The patients who underwent TAVI at hospitals without on-site cardiac surgery had a higher predicted risk of operative mortality (logistic EuroSCORE 23.2±15.8 vs. 21±15.4% for patients who underwent TAVI with on-site cardiac surgery; p<0.001). This was because they were older, had a higher New York Heart Association symptom class, and a higher prevalence of comorbidities (such as coronary artery disease). However, Eggebrecht et al comment: “Particularly dreadful TAVI-specific complications such as annular rupture, aortic dissection, coronary obstruction, and device embolisation were overall rare (<1%) and similar in both groups.”  They add that there were no differences in the rate of in-hospital mortality and no differences in the rate of neurologic events between groups.
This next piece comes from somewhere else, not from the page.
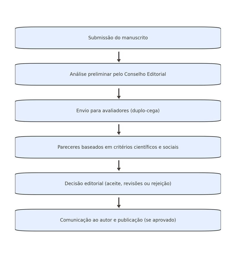 Todos os manuscritos são avaliados preliminarmente pelo Corpo Editorial, que verifica sua adequação às normas da revista, alinhamento à missão institucional, relevância científica e potencial de impacto social. Trabalhos fora do escopo ou que não atendam aos padrões mínimos de qualidade são rejeitados nessa fase.

Furthermore in a matched-pair analysis of 555 patients, the rates of intraprocedural complications, postprocedural, and in-hospital death were similar between those underwent TAVI without on-site cardiac surgery and those underwent TAVI with on-site cardiac surgery. However in this analysis, the rate of post-implantation aortic regurgitation grade ≥2 was higher in the non-cardiac surgery group.


Noting that the heart team is “key to successful TAVI”, Eggebrecht et al conclude that their findings should “stimulate a randomised trial to confirm our results. Until then, the lack of a cardiac surgery department on-site should not be regarded as a contraindication TAVI.”


Eggebrecht presented these data at late-breaking trial session at EuroPCR (17–20 May, Paris, France).